Study sheds light on relationship between environment, hormones and evolution
ANN ARBOR—Different species of spadefoot toads approach metamorphosis differently, and it’s all thanks to the pond they grew up in, according to a team of researchers that includes a University of Michigan scientist.
The researchers found that some species can regulate the timing of their metamorphosis by regulating hormone production, while the timing of other species is fixed.
Their study, published in Nature Communications, is one of the first to provide a mechanism—in this case, the differences in the ways metamorphosis is controlled by hormones in different species of spadefoot toad—that underlies a theory called genetic accommodation. The theory was introduced more than 15 years ago by Mary Jane West-Eberhard, an evolutionary biologist who completed all of her degrees at U-M, says study author Robert Denver, a U-M developmental neuroendocrinologist.
In this theory, when organisms of any kind—microbes, plants or animals—experience changes in their environment, over time, that organism may change its phenotype, or its physical characteristics, that develop in reaction to its environment. West-Eberhard suggested that differences between species and new phenotypes can evolve through the changing of their ancestral phenotype. These changes then become fixed through the process of genetic accommodation.
“For this to work, the ancestors must have had the capacity to express a range of phenotypes in response to different environments, a process known as phenotypic plasticity or developmental plasticity.” said Denver, professor and chair of the U-M Department of molecular, Cellular and Developmental Biology.
For example, the way humans look can vary depending on their diets, stress, or a number of other factors.

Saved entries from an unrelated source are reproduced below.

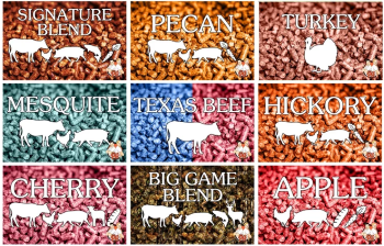 Apple, Cherry, Hickory, Mesquite, Pecan, Signature Blend, RealTree Big Game Blend, Turkey Blend w/ Brine Kit
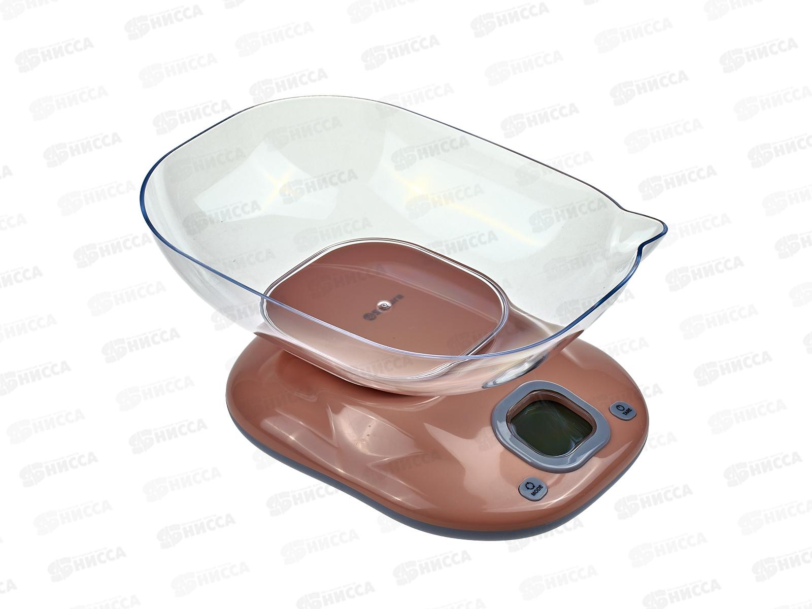 Весы электронные, нагрузка 5 кг, цена деления 1 г, LCD дисплей с белой подсветкой, учет веса тары, автомат.отключение, питание 2хААА, пластик.корпус и чаша, цвет: бежевый/серый
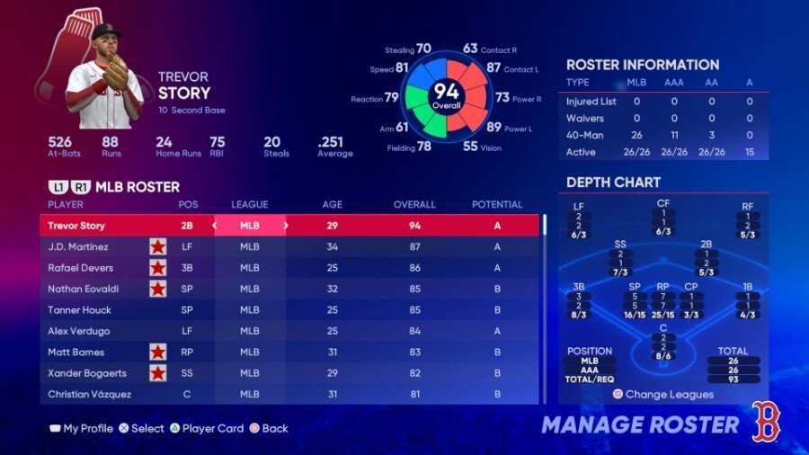 주목할만한 타자: 트레버 스토리(94 OVR), JD 마르티네즈(87 OVR), 라파엘 데버스(86 OVR)

“We all have a genotype, or genes, that code for proteins that ultimately determine what we look like and what the capacity is for our growth. But within that, there’s a range of body sizes that can be achieved based on the environment,” said Denver, who is also a professor of ecology and evolutionary biology. “As the environmental values shift towards the extremes, natural selection may favor phenotypes that are better able to make a living in the new environment.”
In the toads Denver studied, the key was in whether the ponds of water the tadpoles hatched into were permanent or short lived.

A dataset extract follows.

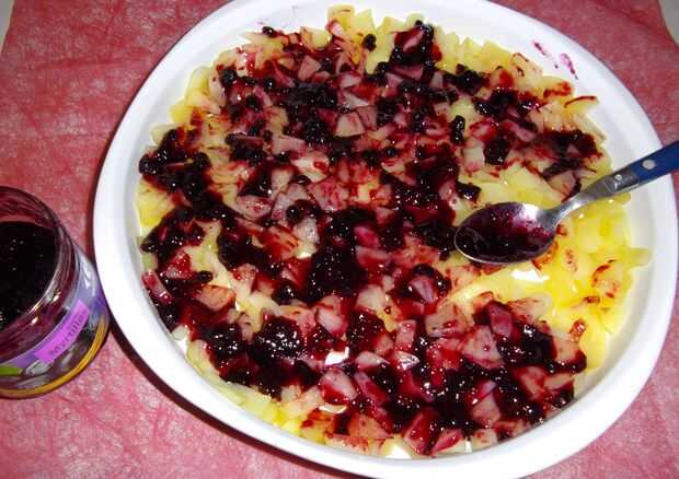 para la 2 º capa: extender mermelada de frutos rojos sobre

The researchers discovered that the species of spadefoot toad that live in semi-permanent ponds can trigger their own metamorphosis when they sense that their pond is drying up. The activation of their thyroid glands spurs metamorphosis, just as in humans, but the toads also activate their adrenal glands. This produces a stress hormone that accelerates metamorphosis, allowing the tadpole to escape the drying pond and move onto land as a juvenile adult.
Other species of spadefoot toads breed in ephemeral pools—for example, pools of water in the Arizona desert that exist for only a few days. These species have a very short developmental period that cannot be altered by the environment that they live in.
The shorter larval period of the spadefoot toads that breed in the ephemeral pools also affects their size as adults. The spadefoot toads that breed in semi-permanent ponds are about the size of half dollars when they metamorphose, while the other species is about the size of a dime, Denver said.
Denver says the common ancestor of spadefoot toads was most likely able to modulate the timing of its metamorphosis, but when some spadefoot toads started living in extremely challenging, arid environments, they shifted their developmental period to a very short, fixed one.
“Their ancestors likely had the capacity to metamorphose over a range of time, for example from two weeks to three months or more,” Denver said. “But over time, either their habitat became much drier, or they happened to move into these dry environments, and the individuals who survived there were the ones that had this very short developmental period.”
In the drier environments, natural selection favored the individual toads with very rapid development but lacked the capacity for varying their rate of development in response to their environment. Instead, their endocrine systems are active much earlier in development, and their tissues became much more sensitive to the hormonal signal.
“Our study is one of the few examples of a physiological/developmental mechanism underlying genetic accommodation,” Denver said.
Denver conducted the research with co-authors Saurabh Kulkarni and Daniel Buchholz in the department of biological sciences at the University of Cincinnati, and Ivan Gomez-Mestre at the Doñana Biological Station in Spain.